## What you have to do
Instruction for the entries that follow: retype exactly the lines from the line with "Согласно картам, размещённым" to the line with "(По страницам книги: Носовский", both included, and omit all others.

## Data excerpts

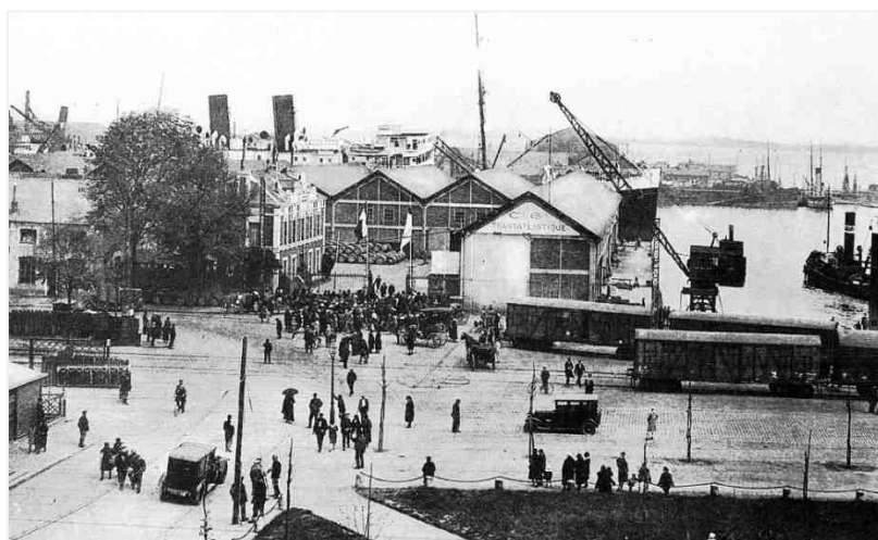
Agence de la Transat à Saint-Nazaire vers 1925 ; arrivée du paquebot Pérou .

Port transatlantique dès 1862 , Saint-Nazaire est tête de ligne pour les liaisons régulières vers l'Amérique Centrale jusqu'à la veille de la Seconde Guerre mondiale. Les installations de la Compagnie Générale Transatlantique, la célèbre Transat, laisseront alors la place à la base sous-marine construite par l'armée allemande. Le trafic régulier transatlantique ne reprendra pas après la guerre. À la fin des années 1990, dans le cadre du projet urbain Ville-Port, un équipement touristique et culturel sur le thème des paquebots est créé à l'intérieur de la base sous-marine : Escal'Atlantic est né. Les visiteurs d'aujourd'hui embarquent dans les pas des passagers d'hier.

==

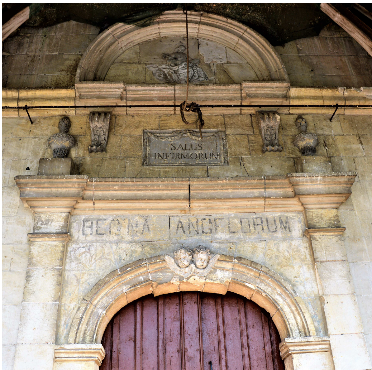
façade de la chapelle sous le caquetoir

...

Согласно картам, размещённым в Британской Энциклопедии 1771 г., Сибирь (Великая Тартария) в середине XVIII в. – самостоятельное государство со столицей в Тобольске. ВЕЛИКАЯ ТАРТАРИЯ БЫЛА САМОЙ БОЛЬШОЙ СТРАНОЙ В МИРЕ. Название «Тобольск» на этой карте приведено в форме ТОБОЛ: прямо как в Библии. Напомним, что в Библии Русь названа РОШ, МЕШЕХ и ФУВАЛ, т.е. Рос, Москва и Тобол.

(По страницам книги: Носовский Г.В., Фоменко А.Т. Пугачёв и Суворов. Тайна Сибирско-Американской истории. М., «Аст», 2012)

## Finished exercise
Согласно картам, размещённым в Британской Энциклопедии 1771 г., Сибирь (Великая Тартария) в середине XVIII в. – самостоятельное государство со столицей в Тобольске. ВЕЛИКАЯ ТАРТАРИЯ БЫЛА САМОЙ БОЛЬШОЙ СТРАНОЙ В МИРЕ. Название «Тобольск» на этой карте приведено в форме ТОБОЛ: прямо как в Библии. Напомним, что в Библии Русь названа РОШ, МЕШЕХ и ФУВАЛ, т.е. Рос, Москва и Тобол.

(По страницам книги: Носовский Г.В., Фоменко А.Т. Пугачёв и Суворов. Тайна Сибирско-Американской истории. М., «Аст», 2012)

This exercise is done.